• Instructions for the task:
Below are records; the lines starting at the one with "Под руку попался" and ending at the one with "萬睿科技的智慧園區(qū)解" must be reproduced exactly, both included. Pictures must not appear.

• Information:
___
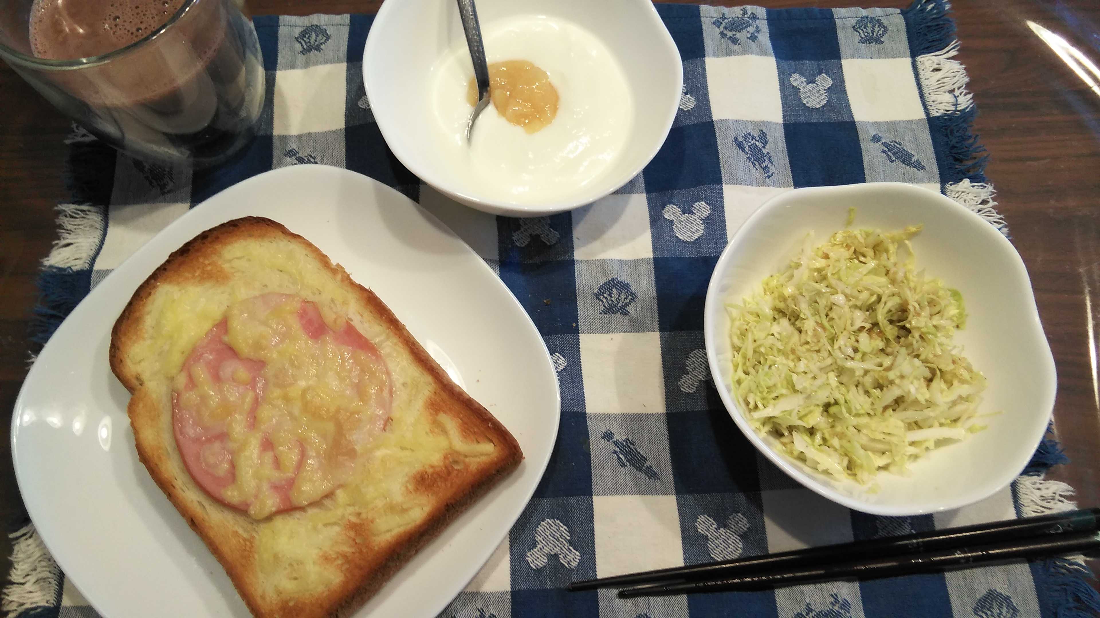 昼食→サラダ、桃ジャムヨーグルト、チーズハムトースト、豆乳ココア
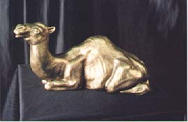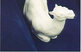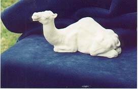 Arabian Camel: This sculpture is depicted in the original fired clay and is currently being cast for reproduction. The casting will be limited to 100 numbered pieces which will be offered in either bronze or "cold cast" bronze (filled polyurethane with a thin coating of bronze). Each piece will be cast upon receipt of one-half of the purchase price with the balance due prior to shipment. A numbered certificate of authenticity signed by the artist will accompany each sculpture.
___
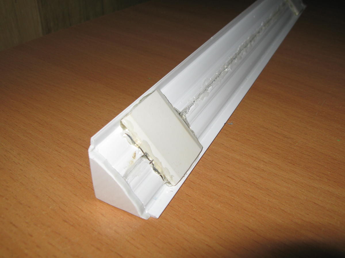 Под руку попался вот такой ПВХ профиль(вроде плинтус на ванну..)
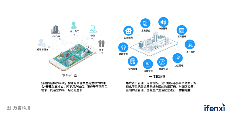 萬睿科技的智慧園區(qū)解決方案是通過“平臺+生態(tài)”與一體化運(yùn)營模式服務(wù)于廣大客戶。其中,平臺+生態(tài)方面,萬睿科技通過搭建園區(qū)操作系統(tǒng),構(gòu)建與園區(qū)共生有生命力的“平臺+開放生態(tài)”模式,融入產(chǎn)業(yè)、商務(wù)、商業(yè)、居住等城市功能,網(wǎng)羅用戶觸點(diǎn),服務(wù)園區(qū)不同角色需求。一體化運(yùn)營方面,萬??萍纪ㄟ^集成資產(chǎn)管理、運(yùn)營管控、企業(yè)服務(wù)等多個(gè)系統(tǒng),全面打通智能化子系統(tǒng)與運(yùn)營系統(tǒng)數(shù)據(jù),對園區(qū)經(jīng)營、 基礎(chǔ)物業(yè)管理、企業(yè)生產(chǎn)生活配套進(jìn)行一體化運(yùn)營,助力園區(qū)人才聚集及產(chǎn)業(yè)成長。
___
• Solution for this problem:
 Под руку попался вот такой ПВХ профиль(вроде плинтус на ванну..)
 萬睿科技的智慧園區(qū)解決方案是通過“平臺+生態(tài)”與一體化運(yùn)營模式服務(wù)于廣大客戶。其中,平臺+生態(tài)方面,萬睿科技通過搭建園區(qū)操作系統(tǒng),構(gòu)建與園區(qū)共生有生命力的“平臺+開放生態(tài)”模式,融入產(chǎn)業(yè)、商務(wù)、商業(yè)、居住等城市功能,網(wǎng)羅用戶觸點(diǎn),服務(wù)園區(qū)不同角色需求。一體化運(yùn)營方面,萬??萍纪ㄟ^集成資產(chǎn)管理、運(yùn)營管控、企業(yè)服務(wù)等多個(gè)系統(tǒng),全面打通智能化子系統(tǒng)與運(yùn)營系統(tǒng)數(shù)據(jù),對園區(qū)經(jīng)營、 基礎(chǔ)物業(yè)管理、企業(yè)生產(chǎn)生活配套進(jìn)行一體化運(yùn)營,助力園區(qū)人才聚集及產(chǎn)業(yè)成長。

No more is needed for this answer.